Median Time | Collections | Individual Times
-------------- | -------------------------------------------------- | --------------------
https://espanol.epa.gov/cai/manual-informativo-sobre-el-radon
34.9s +/- 0.1 | 1-8-1--default-behaviors.......................... | 35.0s, 34.9s, 34.9s
34.1s +/- 0.0 | 1-8-1--no-autoscroll.............................. | 34.1s, 34.1s, 34.1s
34.9s +/- 0.1 | 1-9-0--default-behaviors.......................... | 34.9s, 34.9s, 35.0s
34.1s +/- 0.1 | 1-9-0--no-autoscroll.............................. | 34.1s, 34.2s, 34.1s
https://espanol.epa.gov/watersense/en-sequia
32.8s +/- 0.1 | 1-8-1--default-behaviors.......................... | 32.9s, 32.8s, 32.8s
32.8s +/- 0.1 | 1-8-1--no-autoscroll.............................. | 32.8s, 32.8s, 32.8s
35.6s +/- 0.0 | 1-9-0--default-behaviors.......................... | 35.6s, 35.6s, 35.6s
33.0s +/- 0.1 | 1-9-0--no-autoscroll.............................. | 33.0s, 33.0s, 32.9s
This holds even when I bumped it up to 5 URLs instead of two.
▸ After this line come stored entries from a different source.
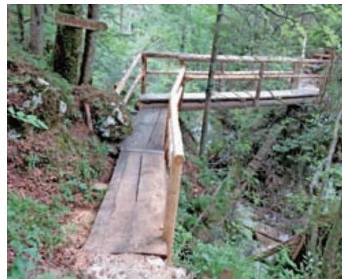
Nov mostič čez Prošek omogoča varnejši dostop do spominskega parka v Kamniški Bistrici.
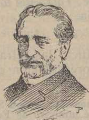
Práxedes Mateo Sagasta
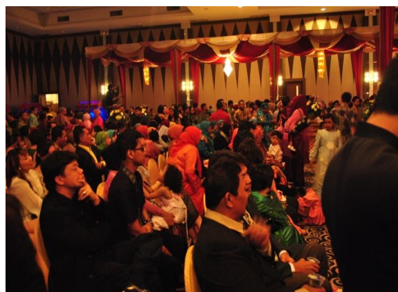
Gambar 19. Penonton tari gambyong di salah satu Hotel di Batam

dinilai berhasil menghibur penonton. Penonton tari gambyong berasal dari beberapa kalangan, baik itu dari kalangan biasa, kalangan menengah dan kalangan atas ataupun pejabat-pejabat penting.
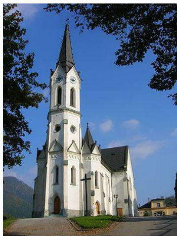
Súčasná podoba kostola, ktorý bol príčinou tragédie v Černovej

Žandári dostali príkaz dedinčanov ....., čoho dôsledkom bolo ..... na mieste, ďalších ..... podľahlo zraneniam neskôr. Na ulici pred kostolom ostalo aj množstvo zranených. Úrady po incidente ..... ešte ďalších ..... osôb za účasť na tejto udalosti.

BUT if I include 2 URLs each from hero.epa.gov and espanol.epa.gov, we're back to the original speedy behavior in v1.8.1 and slow behavior in v1.9.0:
Median Time | Collections | Individual Times
-------------- | -------------------------------------------------- | --------------------
https://hero.epa.gov/hero/index.cfm/search
5.9s +/- 0.5 | 1-8-1--default-behaviors.......................... | 6.3s, 5.8s, 5.9s
6.1s +/- 0.2 | 1-8-1--no-autoscroll.............................. | 6.1s, 6.0s, 6.2s
5.9s +/- 0.0 | 1-9-0--default-behaviors.......................... | 5.9s, 5.9s, 5.9s
5.9s +/- 0.0 | 1-9-0--no-autoscroll.............................. | 5.8s, 5.9s, 5.9s
https://hero.epa.gov/
5.1s +/- 1.2 | 1-8-1--default-behaviors.......................... | 5.1s, 5.2s, 4.0s
5.2s +/- 0.8 | 1-8-1--no-autoscroll.............................. | 4.4s, 5.2s, 5.2s
5.6s +/- 0.8 | 1-9-0--default-behaviors.......................... | 4.9s, 5.6s, 5.6s
5.6s +/- 0.8 | 1-9-0--no-autoscroll.............................. | 4.8s, 5.6s, 5.6s
https://espanol.epa.gov/cai/manual-informativo-sobre-el-radon
4.6s +/- 0.1 | 1-8-1--default-behaviors.......................... | 4.7s, 4.6s, 4.6s
4.7s +/- 0.0 | 1-8-1--no-autoscroll.............................. | 4.7s, 4.7s, 4.7s
34.6s +/- 0.3 | 1-9-0--default-behaviors.......................... | 34.8s, 34.5s, 34.6s
33.7s +/- 0.3 | 1-9-0--no-autoscroll.............................. | 34.0s, 33.7s, 33.7s
https://espanol.epa.gov/watersense/en-sequia
3.6s +/- 0.7 | 1-8-1--default-behaviors.......................... | 3.6s, 3.6s, 4.2s
3.6s +/- 0.8 | 1-8-1--no-autoscroll.............................. | 4.4s, 3.6s, 3.6s
35.4s +/- 0.7 | 1-9-0--default-behaviors.......................... | 36.1s, 35.4s, 35.4s
32.9s +/- 0.5 | 1-9-0--no-autoscroll.............................. | 33.3s, 32.8s, 32.9s
Doesn't make a whole lot of sense to me. Is this an issue with multiple hostnames? hero.epa.gov poisoning things somehow? Odd.